Оказывается, ворота закрыты. Пропускают только через калитку. Приближаемся и мы. Выпускают по одному. Мама беспокоится, чтобы мы не потерялись, и велит мне идти первой. За мной пойдет Рувик, за ним Раечка, а последней - мама. Так она будет видеть всех нас.

Выхожу. Солдат хватает меня и толкает в сторону. Машин там не видно. Поворачиваюсь сказать об этом маме, но ее нет. Поперек улицы - цепочка солдат. За нею - еще одна, а дальше большая толпа. И мама там. Подбегаю к солдату и прошу пустить меня туда. Объясняю, что произошло недоразумение, меня разлучили с мамой. Вон она там стоит. Там моя мама, я хочу быть с нею. Говорю, прошу, а солдат меня даже не слушает. Смотрит на выходящих из калитки женщин и время от времени толкает то одну, то другую в нашу сторону. Остальных гонит туда, к толпе.

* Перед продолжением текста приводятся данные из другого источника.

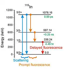 - If the initial state of the target nucleus is its ground (lowest energy) state, then the fluorescent photons will have less energy than that of the incident photon (as seen in the schematic figure). Since the scattering channel is usually the strongest, it can "blind" the instruments being used to detect the fluorescence and early experiments preferred to study IGE by pulsing the source of incident photons while detectors were gated off and then concentrating upon any delayed photons of fluorescence when the instruments could be safely turned back on.

Вдруг я услышала мамин голос. Она кричит, чтобы я не шла к ней! И солдата просит меня не пускать, потому что я еще молодая и умею хорошо работать...

Еще боясь понять правду, я кричу изо всех сил: «Тогда вы идите ко мне! Иди сюда, мама!» Но она мотает головой и странно охрипшим голосом кричит: «Живи, мое дитя! Хоть ты одна живи! Отомсти за детей!» Она нагибается к ним, что-то говорит и тяжело, по одному, поднимает, чтоб я их увидела. Рувик так странно смотрит... Машет ручкой...

Их оттолкнули. Я их больше не вижу. Влезаю на камень у стены и оглядываюсь, но мамы нигде нет. Где мама? В глазах рябит. Очевидно, от напряжения. В ушах звенит, гудит... Откуда на улице река? Это не река, это кровь. Ее много, она пенится. А Рувик машет ручкой и просится ко мне. Но я никак не могу протянуть ему свою руку... Почему-то качаюсь. Наверно, островок, на котором стою, тонет... Я тону...

Почему я лежу? Куда исчезла река?

Никакой реки нет. Лежу на тротуаре. Надо мной наклонились несколько женщин. Одна держит мою голову, другая считает пульс. Где мама? Я должна увидеть маму! Но женщины не разрешают вставать: у меня был обморок. А ведь раньше никогда не бывало. (...)

1940 год. Всего через год, оказавшись в Вильнюсском гетто, 14-летняя Маша начнёт вести дневник и учить его наизусть.